Indirect physiological steps are critical as well. A distance runner generates prodigious amounts of metabolic heat. He must be able to dissipate that heat by sweating, which requires intricate processes of salt and water balance and decisions of routing blood either to the skin to get rid of heat or to the digestive system or to body fuel depots. His kidneys and liver must continue to operate and process and eliminate metabolic wastes. A weight lifter, jumper, thrower, or short-distance sprinter has more than enough fuel right in his muscle cells, and since he needs no oxygen during his event and has no stresses for heat dissipation or waste elimination, he can essentially put most of the body’s systems on hold, and concentrate on explosive power. His task is the quick release of massive amounts of energy from a preponderance of fast-twitch muscles, harnessed by a superb biomechanical capacity and learned coordination in speed and agility.

The runner is also tested for biomechanical efficiency, especially on longer runs, where fuel and energy economy become crucial. All of his motions must be harmonious and seamlessly choreographed in a fine-tuned coordination of hundreds of muscles and thousands of muscle units, for one integrated task, one huge reflex mechanism. Whether or not he consciously learned to do so, his arm swings are precisely integrated with leg swings, or stride. Both are meshed with his breathing and likely with his heartbeats as well. At the most efficient running stride, arms, breaths, and heartbeats are multiples of one another. Those multiples change with pace and effort, but the synchronicity does not. It is as though his legs beat the tune to create the body’s rhythm. However, there is an ever-changing rhythm throughout the race as strategy and tactics change in response to current progress and competitors.

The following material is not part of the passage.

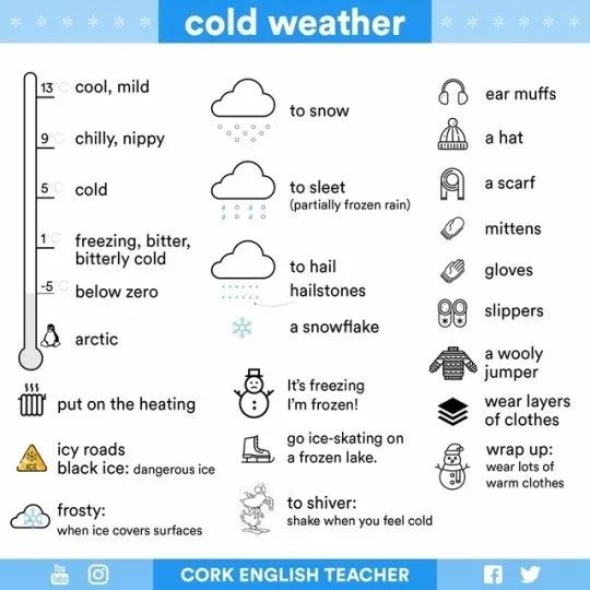 最近冷空气席卷全国,这些词在讨论天气的时候都可以用到:

In competitions, we test seemingly simple tasks that any fit child can perform, namely running, jumping, and throwing. Their beauty reduces to the ideal of coherence and simplicity; all that is essential is present in precisely the right proportion for the one circumscribed task, and nothing is superfluous. In college field and track, I saw extremes of these specializations. I saw what a lot of us have, but raised to higher levels. I saw the product of dreaming and our indomitable drive for perfection.

The steady improvement in world records of all sporting events during the last hundred years (when records have been kept) may look like biological evolution. We don’t know all the factors that have been and are involved and to what extent they have had relative effect, but there is one thing we can be sure of: it’s not due to biological evolution. Evolution might still have played a role shaping us back in the ice ages, when we were fragmented into small, isolated populations and faced death regularly due to athletic deficiencies. No longer. We’re now in large, ever-more homogeneous populations where any mutation that could potentially be of value for athletic performance, in the context of a specific suite of characteristics, will be quickly swamped. Nor do we face directional selection in favor of jumping, running, or lifting ability.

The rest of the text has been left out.